Imagine you are playing a video game.
Imagine it's one of those games where you get to create the character you will play the game with.
What character would you create?
How different is that character from you, today?
Now imagine you aren't playing a video game. You're living real life. Which character are you creating to go about in the world?
We don't realize it, but we are continually creating the character that is us. Many of us go about living our life without realizing that we can actually change the character we play with.
We can create the characters we want to become and then take the habits to become those characters. It's surprisingly easy in theory, and unsurprisingly takes hard work in practice.
So here's my question to you:
To be happy, successful, alive life... your answer should be both.
This is part 3 of my series on happiness. You can find part 1 here. And part 2 here.
Here are my last two ways to maximize your aliveness, happiness, and meaning. I am convinced that to reach our full potential in this world, we all have to simultaneously be lovers and fighters. I will be writing about both of these ideas in depth in future newsletters, but here's a synopsis.
1. The Way of the Warrior
"This is your path and you will pursue it with excellence. You face your fear because your goal demands it.

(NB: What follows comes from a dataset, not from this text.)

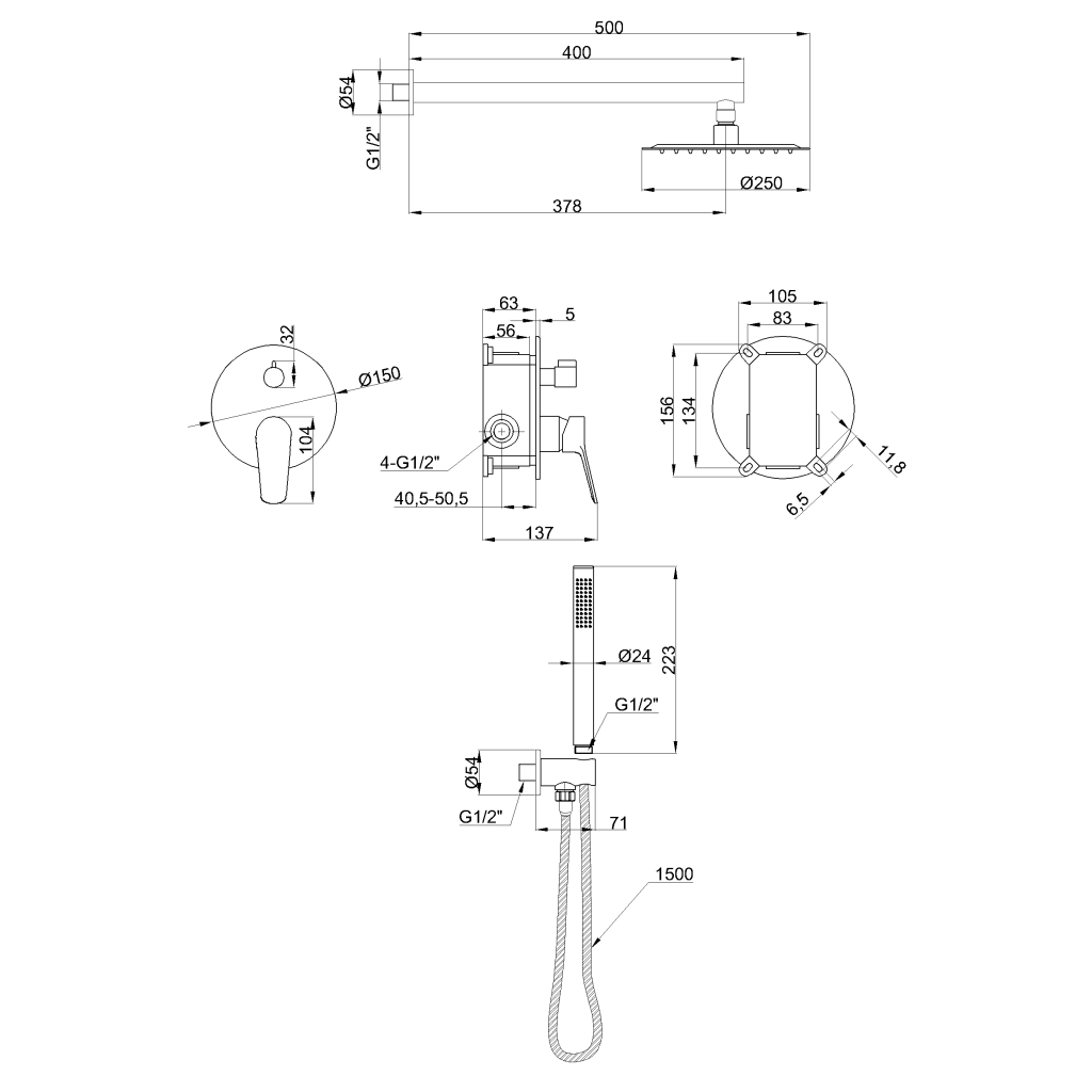 Grohe Cubeo rejtett zuhanyrendszer Tempesta 250 fejzuhannyal, matt fekete 1053362430

That is the goddamn warrior spirit." - Alex Honnold, Free Solo
"A harmless man is not a good man. A good man is a very dangerous man who has that under voluntary control" - Jordan Peterson
Sometimes you have to be a fighter (or a warrior). In today's world warrior energy is demonized. As I said in my letter called Why You Should Embrace Your Inner Warrior:
We see bad people doing violent, aggressive things and assume it’s because of the “warrior energy”. But they aren’t true warriors.
Good conflict is necessary. Justified anger can create a revolution. Creative destruction is necessary to birth a better world.
We must define our values and fight against evil whenever we can. We can and must be courageous. A hidden life of courage is a noble one, even if nobody knows about it.
It's scientifically proven that an easy life is not a meaningful one. If we make our lives easier, we may gain some happiness in the short term, but we lose it in the long term.
To find meaning and long term happiness, be a warrior.
Take responsibility for your lives and make it better. Use the tools of a warrior namely courage, strength, and discipline to shape the reality around you.
We are living in a spiderweb world, each thing we do (or don't do) creates a small tingling that can be felt on the other sides of the web.
We all collectively do shape and will shape the world around us.
Learn to love the challenges. Learn to love meaningful difficulty.
2. The Life of a Lover
“Sell your cleverness and purchase bewilderment.” -Rumi
"The art of seeing has to be learned.” - Marguerite Duras, The Lover
I've written about this incessantly in my post about Why Great Beauty is in the day to day and my post about the Great Beauty Journal.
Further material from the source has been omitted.